-- Opening Marker --

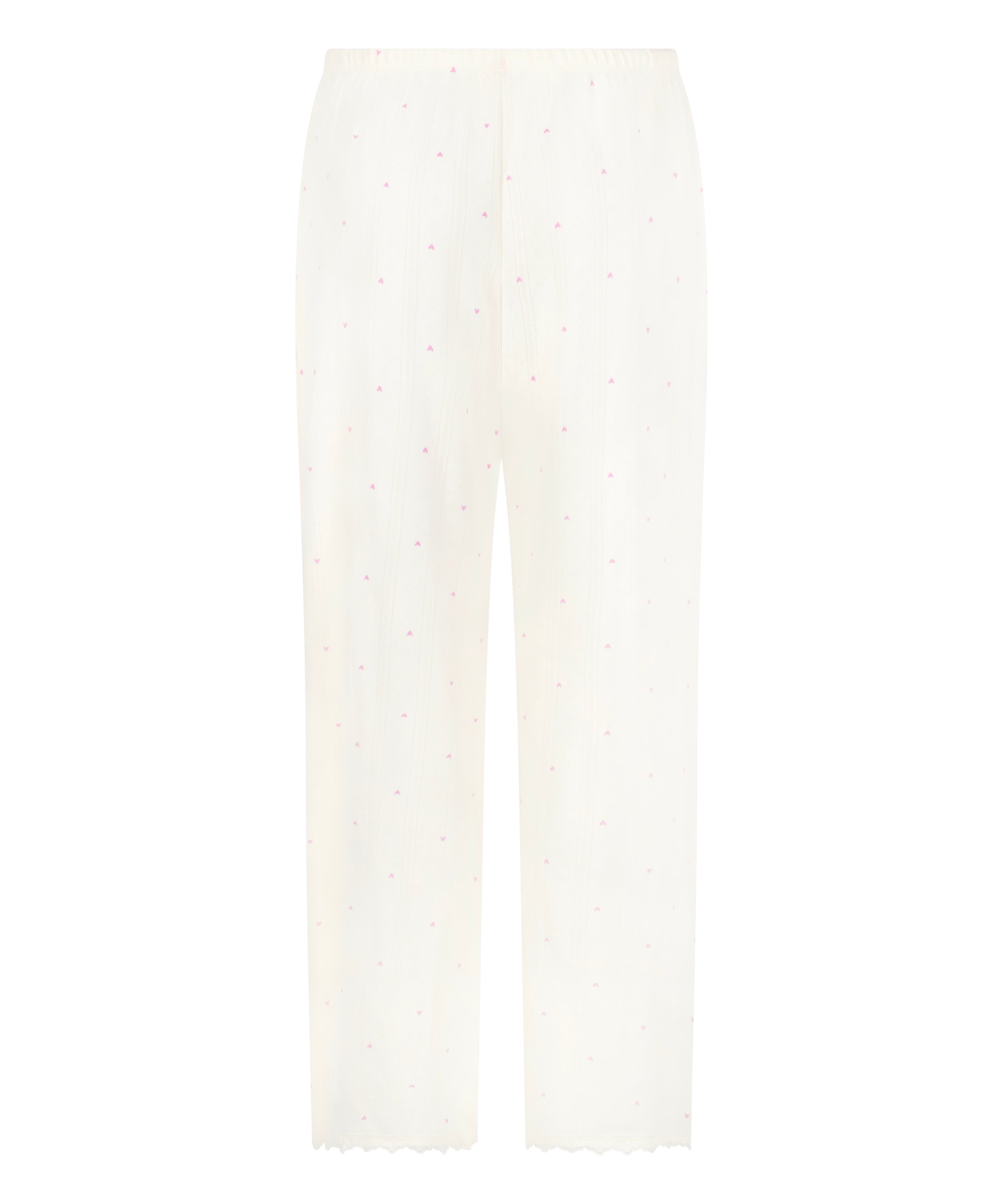 Elsker du komfort med et girly twist? Disse pointelle bukser med vide ben bliver dine nye yndlingsbukser. Med en blød elastisk linning og et diskret hjertemønster er de perfekte til afslappede aftener eller rolige weekender. Den flagrende pasform tilføjer et strejf af elegance til dit udvalg af loungewear. Kombiner med den matchende top eller cami for et helt igennem sødt øjeblik!
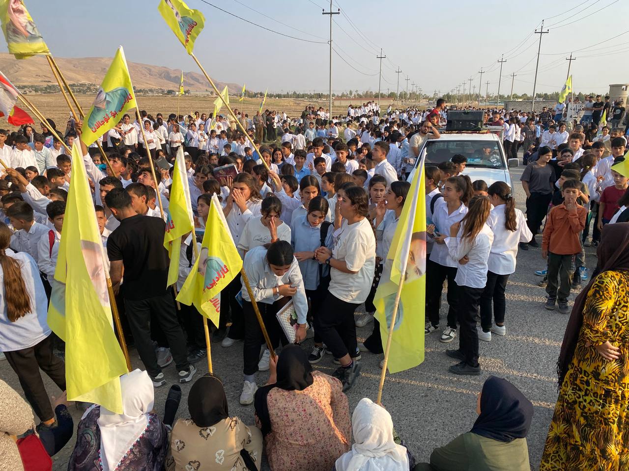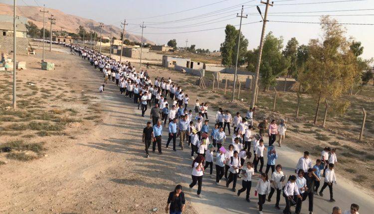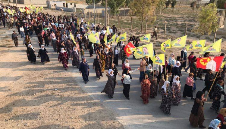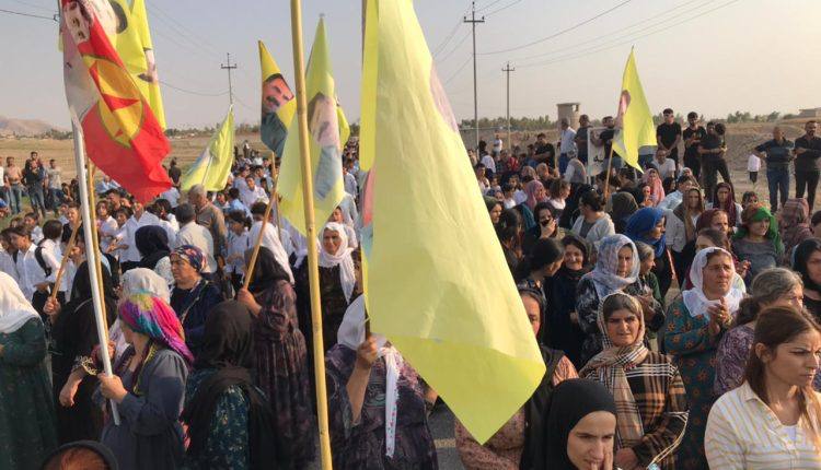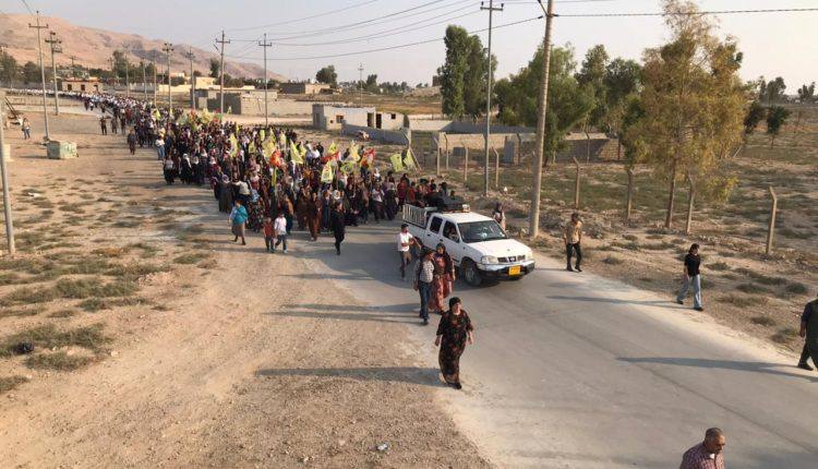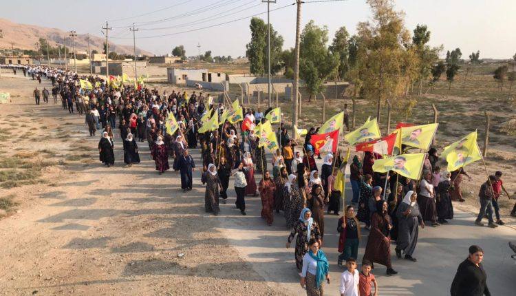 Mexmur halkının direniş yürüyüşü Şehit Aileleri Meclisinin önünde kalabalığın toplanmasıyla başladı. Yürüyüşte Kürtçe ‘Yaşasın Önder Apo’ ve ‘Kahrolsun İhanet’ sloganları atıldı. Kalabalık, Irak güçlerinin kontrol noktasının olduğu yere kadar devam etti ve kitle burada yapılan anlaşmaya orada tepkilerini gösterdi. Iraklı bir heyet ile Mexmur halk yönetimi arasında bir toplantı yapılması bekleniyor.
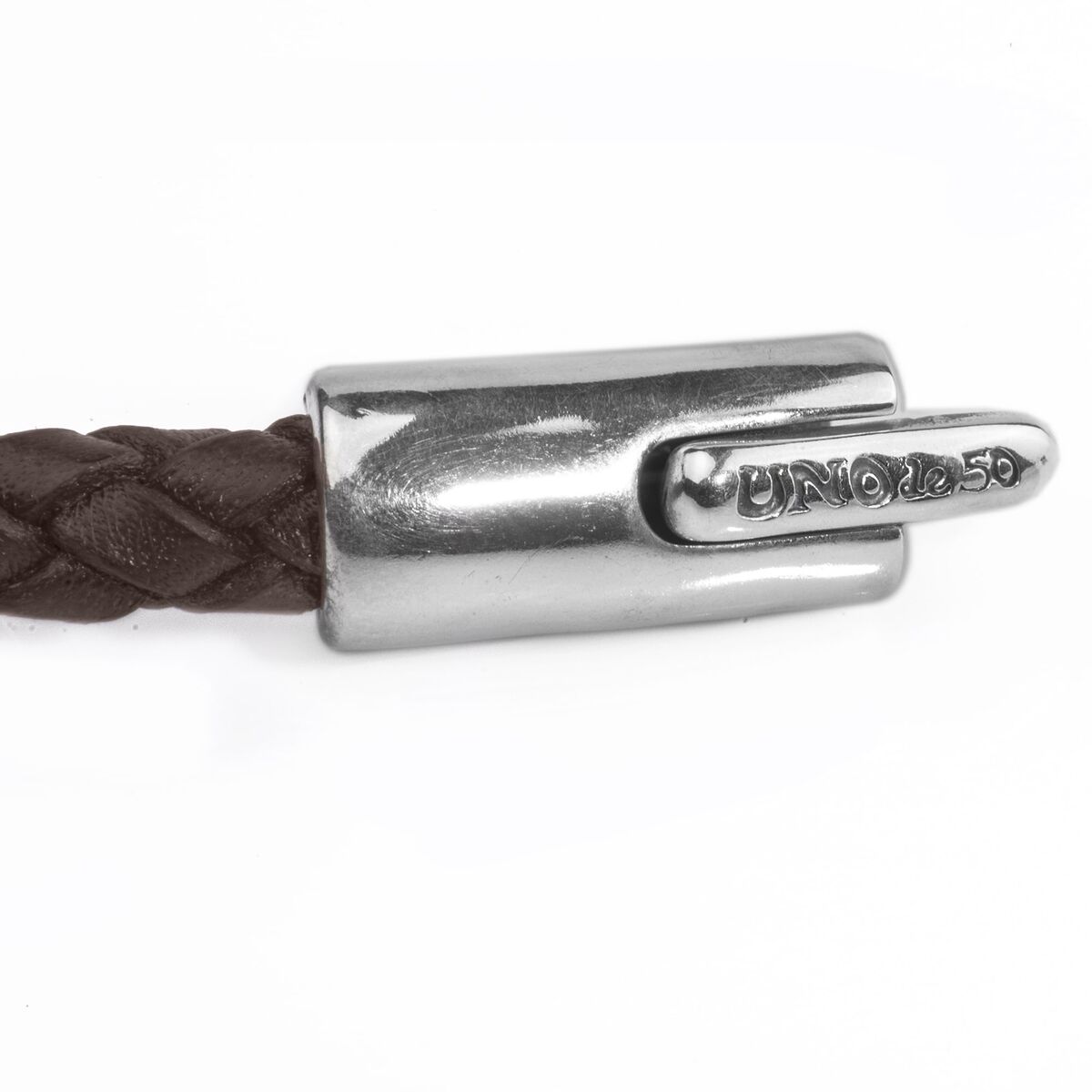 Кожаный браслет мужской с серебром Прочный UNOde50 Stable
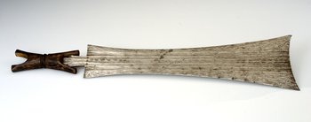 | 扩展说明 | Schwert mit Klinge aus Eisen, keine Spitze, sondern vorne sehr breite, leicht geschwungene Schneide, nach hinten dünner werdend, dann zum Griff hin wieder breiter. Holzgriff in X-Form |
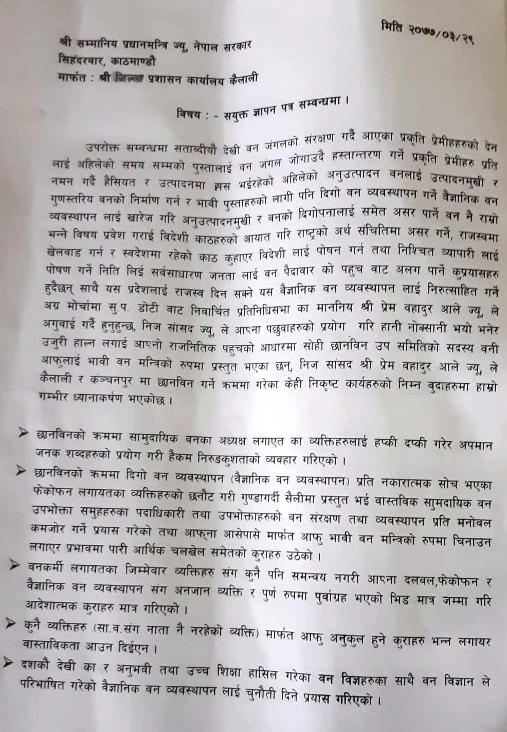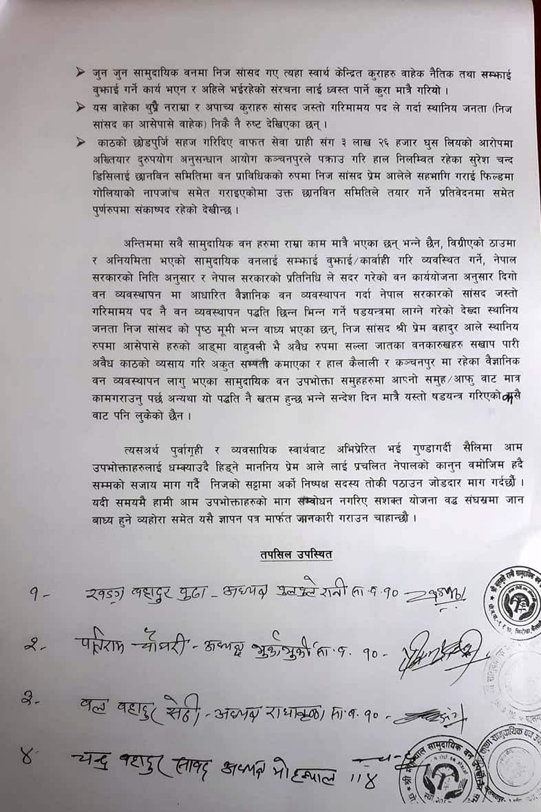 डिभिजन वन कार्यालय पहलमानपुर मातहतका २९ र धनगढी डिभिजन अन्तर्गतका ३९ सामुदायिक वनले संयुक्त रुपमा प्रमुख जिल्ला अधिकारीमार्फत प्रधानमन्त्रीलाई बुधबार ज्ञापनपत्र बुझाउँदै सांसद आलेलाई कारबाही र नयाँ उपसिमिति बनाएर छानबिन गर्न माग गरेका छन ।
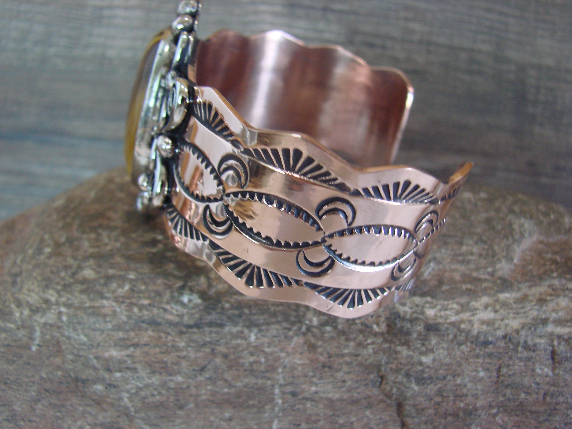 Native American Navajo Indian Handmade Copper & Tiger Eye Bracelet from Western New Mexico. This bracelet features a Tiger Eye stone set into a smooth Nickel Silver bezel setting. The stone is nicely polished and surrounded by traditional Navajo style design work in Copper. Navajo Indian handmade by well-known Silversmith Jackie Cleveland. Signed "JC" on the back. Free Shipping with a gift box included!
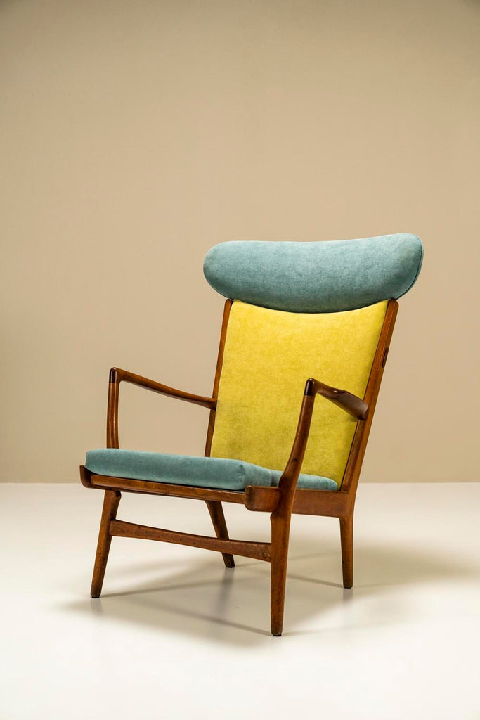 Hans Wegner 'AP-15' Wingback Lounge Chair in Teak and Two-tone Fabric, Denmark 1951
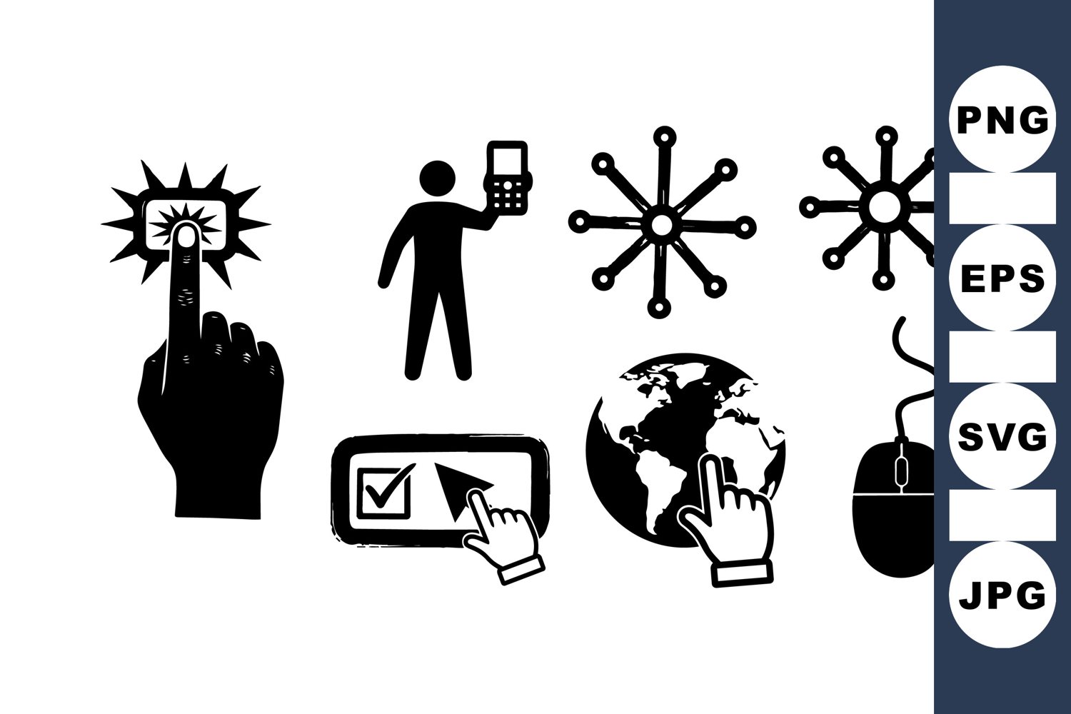 Black silhouette icons include a hand pressing a digital button, person holding a device, network connections, globe with hand pointer, and computer mouse representing technology and interaction concepts
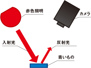 赤色は、赤色を反射させる特長を持っています。したがって、赤色照明から発せられた光は赤いものにあたり反射します。
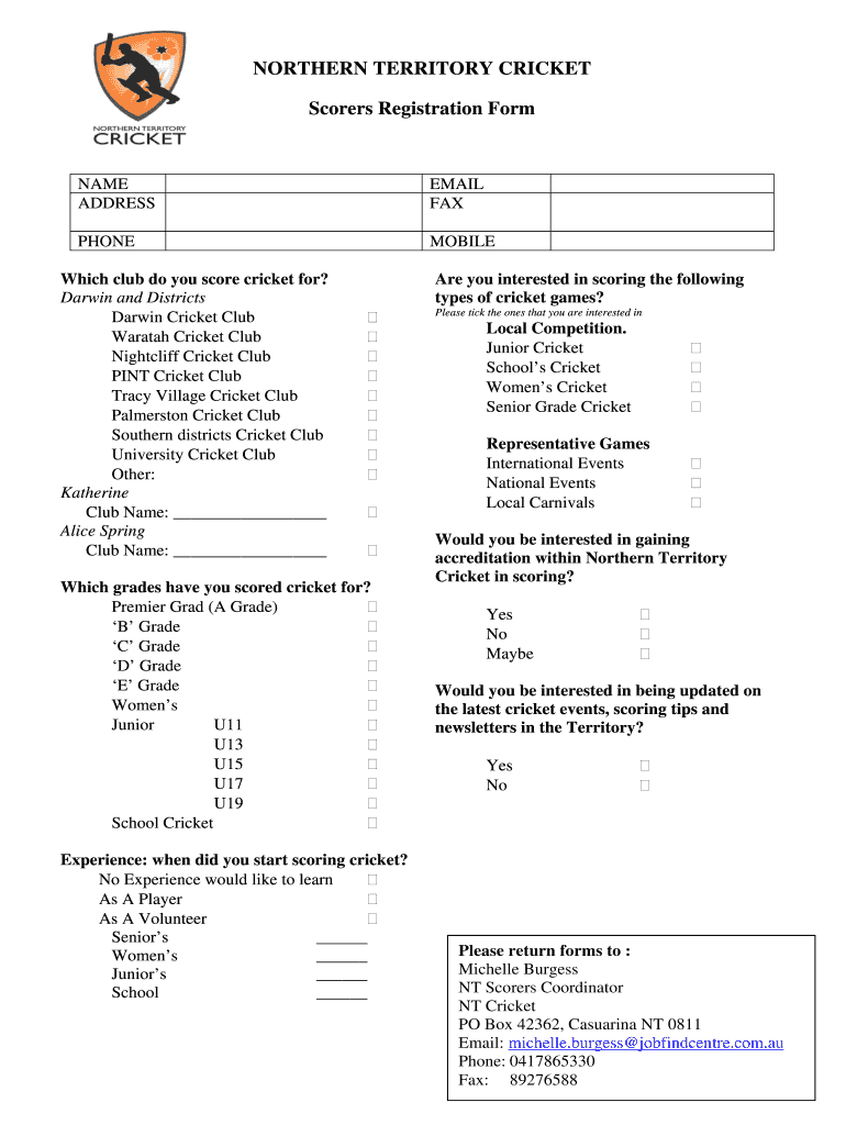 NORTHERN TERRITORY CRICKET Scorers Registration Form NAME ADDRESS EMAIL FAX PHONE MOBILE Which club do you score cricket for? Darwin and Districts Darwin Cricket Club Warmth Cricket Club Night cliff
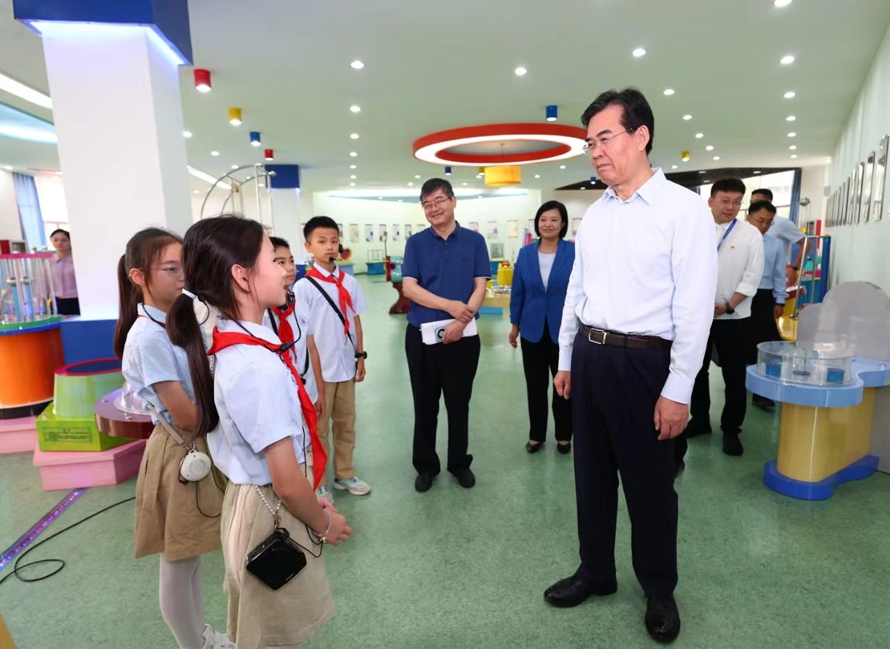 李炳军在北京师范大学贵阳附属小学,详细了解学生科创能力培养等情况,与学生亲切交流。

-- Closing Marker --

The copy must begin at the line containing "Black silhouette icons" and end at the last line of the data above, with every line retyped exactly and no pictures included.

 Black silhouette icons include a hand pressing a digital button, person holding a device, network connections, globe with hand pointer, and computer mouse representing technology and interaction concepts
 赤色は、赤色を反射させる特長を持っています。したがって、赤色照明から発せられた光は赤いものにあたり反射します。
 NORTHERN TERRITORY CRICKET Scorers Registration Form NAME ADDRESS EMAIL FAX PHONE MOBILE Which club do you score cricket for? Darwin and Districts Darwin Cricket Club Warmth Cricket Club Night cliff
 李炳军在北京师范大学贵阳附属小学,详细了解学生科创能力培养等情况,与学生亲切交流。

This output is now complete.